Gut läuft es derzeit in Brasilien, wo Bauer nächste Woche eine neue Produktionsstätte für Beregnungs- und Abwasseranlagen in São Paulo eröffnet. Der Teilbetrieb wurde bereits im Juni aufgenommen. 65 Mitarbeiter sollen dort beschäftigt werden. Bauer hat hohe Erwartungen: "Brasilien ist einer der größten Agrarmärkte der Welt und ein echter Zukunftsmarkt. Hier nicht zu sein, wäre für uns ein fataler Fehler." Ein Werk vor Ort zu haben, sei in Brasilien ein Muss, da die Transportkosten von Österreich in den fernen Kontinent hoch seien.
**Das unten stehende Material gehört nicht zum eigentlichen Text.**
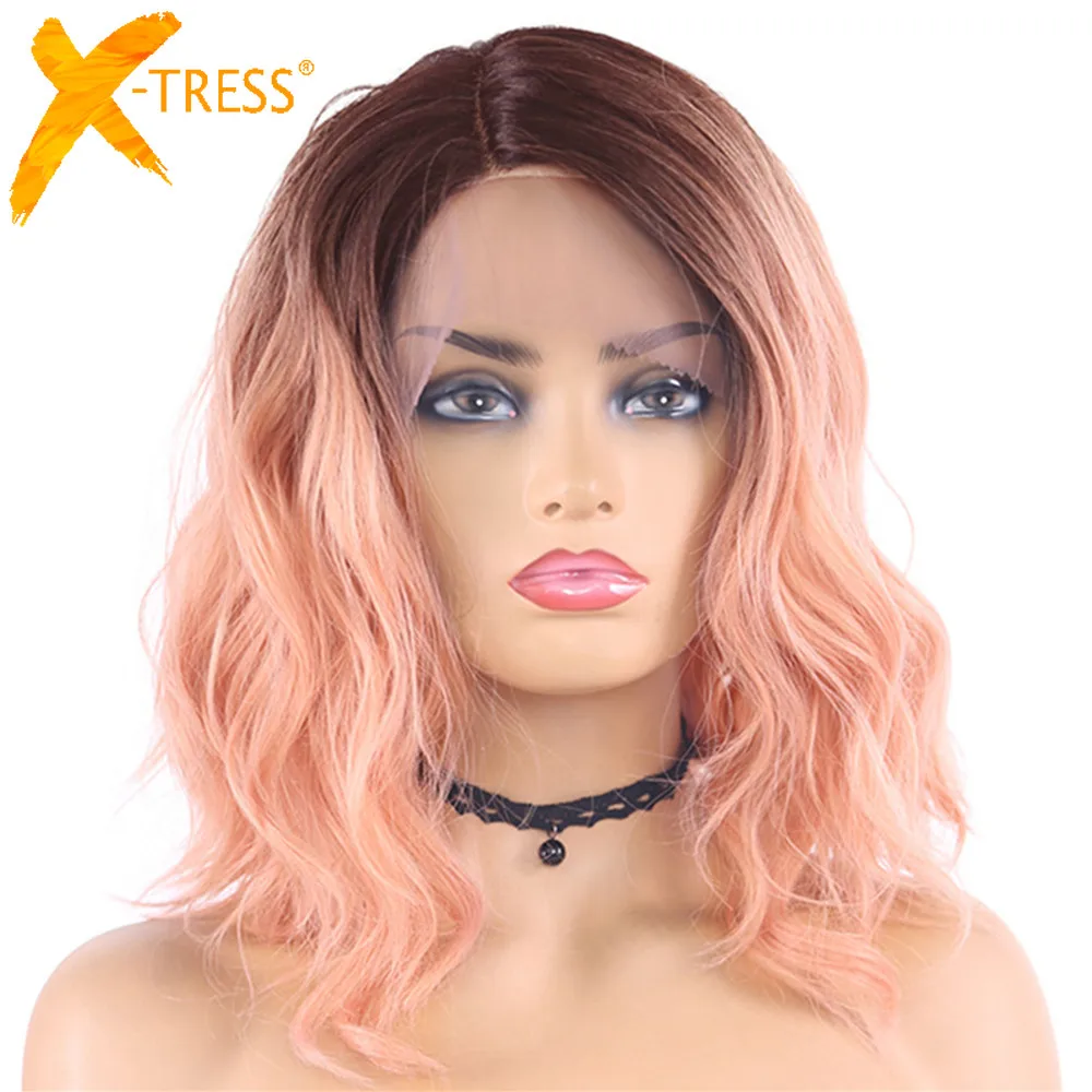 Парики из натуральных волнистых синтетических волос для женщин, X-TRESS, оранжевые, розовые, цвет Омбре, короткие, длина плеч, парики для косплея Боба

Ein schon länger geplantes Werk soll "in Kürze" in Russland errichtet werden. Obwohl es derzeit wegen der EU-Sanktionen "eine sehr starke anti-westliche Stimmung" gibt, sieht Roiss sogar Vorteile für sein Geschäft. "Es wird jetzt wieder mehr regional produziert als früher, die Landwirtschaft muss investieren." Gute Wachstumschancen sieht der Firmenchef auch in den USA und Asien.

Klimaprofiteur?

Trotz extremer werdender Dürreperioden auf der Welt sieht sich Roiss keineswegs als Profiteur des Klimawandels. Im Gegenteil. Für künstlichen Regen brauche es schließlich auch Wasser. "Es gibt viele trockene Länder, die haben aber leider auch kein Wasser." Bei der Bewässerung gehe es vorrangig um Produktivität. "Die Beregnung ist der Turbo-Katalysator für die Landwirtschaft", sagt Roiss. Davon hänge letztlich der Ertrag ab. "Was hilft es, wenn es drei Jahre lang normal regnet und im vierten Jahr nicht. Den Ausfall kann sich heute kein Landwirt mehr leisten." Die Bewässerungskosten würden nur ein Bruchteil des Gesamtaufwandes ausmachen.

Gülle-Aufbereitung

Die Hälfte des Bauer-Umsatzes entfällt nach wie vor auf die Unternehmenswurzeln, die Aufbereitung landwirtschaftlicher Abwässer. Bauer erfand 1930 die erste Gülle-Hochdruckpumpe. Heute wird unter anderem mit einem eigenen Verfahren das Phosphat aus der Gülle extrahiert. Oftmals wird die Beregnung mit der Abwasseraufbereitung verknüpft.